Unbroken
In Washington, Friday afternoons had meant ungodly traffic on the Beltway, and in the summer they meant that the already-stifling humidity was mingled with the traffic fumes and the city smell. Usually she and Mulder would just go out for an early dinner someplace where the air conditioning blasted until they shivered and joke and laugh like normal people, waiting for traffic to become more bearable.
Mulder had called her scant hours after she first came back to Sunnydale. She had seen his name on her phone's face when it rang the first time, and on the sixth ring, she turned the phone off.
These days, Friday afternoons meant leaving work early, thank you god. No more LA field office bullpen, no more "Yo, Mrs. Spooky!". They meant filling the car up, and she'd found a station that was just slightly out of the way and had prices that made up for the minor inconvenience.
They meant driving, and usually getting through a CD and a half (usually Ella Fitzgerald and Billie Holiday), up to Sunnydale, and the afternoon sun warm on her skin through the window.
"They've shut down the X-Files," she had said blankly when he opened the door in late May. "And even if it hadn't been," she added, wanting him to know and the universe to know that fine, you've won, I give up, "someone torched our office; it was all lost."
He stared at her for a few moments, and stepped aside, letting her in. "Buffy's missing," he said, and she remembered quite clearly who Buffy was.
Weekends meant trying to talk to someone who was far more reluctant to share his emotions than even Mulder had been (for Mulder, at least, was always willing to let the world know that his life was misery). They meant soft and angry sex in Rupert's bed. They meant quiet and time to read and helping four teenagers form battle plans for fighting creatures she didn't believe in that were there nonetheless.
They had held each other for a long time, with the dark cool of his apartment at her back and the brassy Sunnydale summer air floating gently inside.
Mulder had called her scant hours after she first came back to Sunnydale. She had seen his name on her phone's face when it rang the first time, and on the sixth ring, she turned the phone off.
Sunday afternoons meant driving back to Los Angeles (both of them saying nothing and knowing that they might well not see each other again).
He was always gentle and quiet. This was because it was his way, and it was because he knew his own strength, and it was because he didn't want to hurt her. She knew that he needed to feel like he could do something right, and enjoyed debating with him, and let him be gentle without babying her.
Monday mornings meant breakfast at a ghastly little diner with strong coffee a couple blocks from the office, and that was where, in late August, she thought she had caught a glimpse of the girl, who'd brought her the menu and whose eyes had widened when she realized it was the woman who'd come to Sunnydale months ago. Scully's own reaction must have told Buffy that she wouldn't let her slip away again, for the girl had said, her voice suggesting that she'd be facing an interrogation, "My break's at eleven, come by for lunch."
"I promised Rupert that I'd pull all the strings I could to find you. He, your friends, your mother -- they're all terrified for you."
"I'm not going back."
"Look, Buffy, I'm working in the Los Angeles field office now -- it's only a couple blocks away. I go to Sunnydale nearly every weekend. It's Monday morning. I'm going to come back here on Friday evening, and until then, I want you to promise me you'll think about this. Or -- "
"Are you going to tell Giles you've found me?"
"When I go back to Sunnydale this weekend, yes. He just wants to know that you're all right."
"I'm not."
"Your second choice is to come back to Sunnydale with me this weekend."
"No."
"Promise me you'll think about it, and that you'll be here on Friday to tell me what you've decided. Promise me, Buffy."
"Fine. I promise.

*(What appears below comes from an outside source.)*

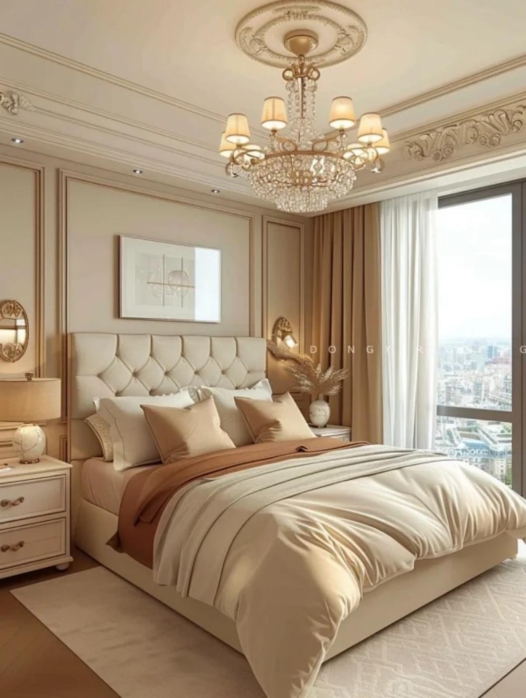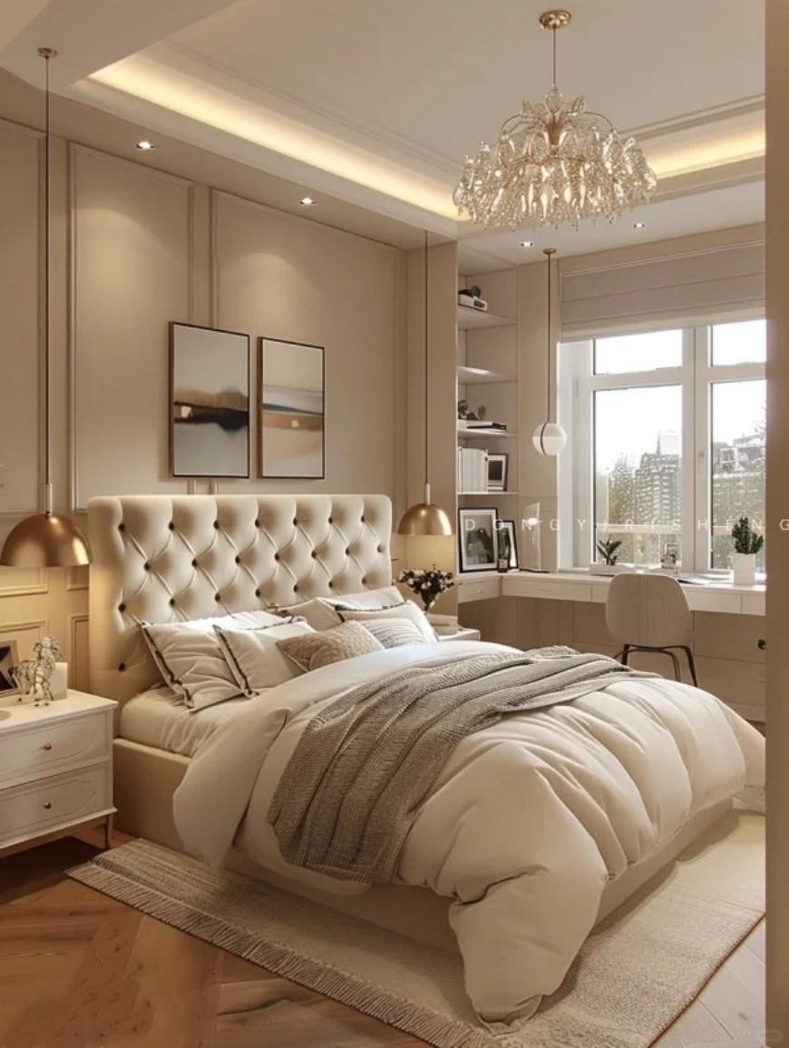 主臥房融入了法國風格,整體色調柔和,以白色和米色為主,營造出溫馨治愈的氛圍。墻面上簡單的法式線條裝飾,配合優(yōu)雅的吊燈,展現(xiàn)出法式的浪漫與精致。床品選用柔軟舒適的面料,配以溫暖的色調,使人感到放松與安逸。

And -- it's Anne now."
On Wednesday, the girl had turned up at the field office, and she'd been called down to the front to talk to her. "I need your help," the blonde had said reluctantly.
The facts had all pointed to one thing, and, desperate for a reasonable explanation, she had picked up the phone and called the one person who could be guaranteed not to provide her with one, but when she had hung up the phone, things were all right between her and Mulder again, and that was worth not having a single explanation that made sense.
On Friday, the girl was waiting outside the building for Scully when she left. She hadn't been wearing the apron.
"Have you thought about what I told you, Anne?"
"Um..."
"What is it?"
"First of all, the uniform? So 1950s. Which, unless I'm mistaken, it isn't anymore. And second of all... my name is Buffy."
That weekend was warm and sunny, as every weekend was.
They'd made one stop in Sunnydale, one stop so that Scully could drop off her bag and tell Rupert that there was something he needed to see in the car. He had stared, stared for several moments and stepped towards her car, then stopped himself, and stared as Scully drove off, following Buffy's directions to Revelo Drive.
Out of protective habit, she watched Buffy walk up to the door, but the girl stared at her from the step. She took the message and left what was to come to the girl and her mother.
The second she'd returned to his house, Rupert had kissed her harder than she had ever been kissed, and as soon as they were inside they had fucked, hard and joyously, against the wall.